Ejemplos de desigualdad en el consumo
Precios diferenciados. Un mismo producto puede costar más solo por tener un empaque rosado o una etiqueta femenina.
Publicidad sexista. Los anuncios refuerzan estereotipos que limitan las decisiones de compra de las mujeres.
Menos opciones. La oferta de productos, en algunos sectores, que son diseñados para mujeres es reducida o menos accesible.
Atención al cliente desigual. Algunas mujeres son ignoradas o no tomadas en serio al solicitar información o comprar productos.

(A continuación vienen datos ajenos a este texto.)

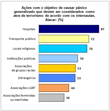 Os participantes também indicaram, em percentuais menores, ataques a outros locais que devem ser considerados terrorismo: ataque a instituições públicas, impedindo seu funcionamento foi indicado por 56%, seguido por ataque a associações de grupos raciais e a estrangeiros, ambos indicados por 53%.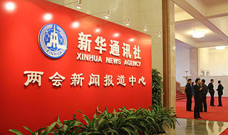 位于人民大會堂內的新華社兩會新聞報道中心。

Diseño excluyente. Tecnología, herramientas y vehículos suelen fabricarse pensando en los hombres, dejando fuera las necesidades femeninas.
Falta de representación. Muchas campañas de marketing no reflejan las experiencias y necesidades reales de las mujeres.
Estereotipos de género. Desde la ropa hasta los juguetes, los productos para mujeres están marcados por normas de género impuestas.
La sociedad debe visibilizar la batalla diaria contra la desigualdad en el consumo. El impuesto rosa no es solo un costo adicional, es un reflejo de las barreras económicas que enfrentan las mujeres. La próxima vez que vayas de compras, pregúntate: ¿estoy pagando más solo por ser mujer?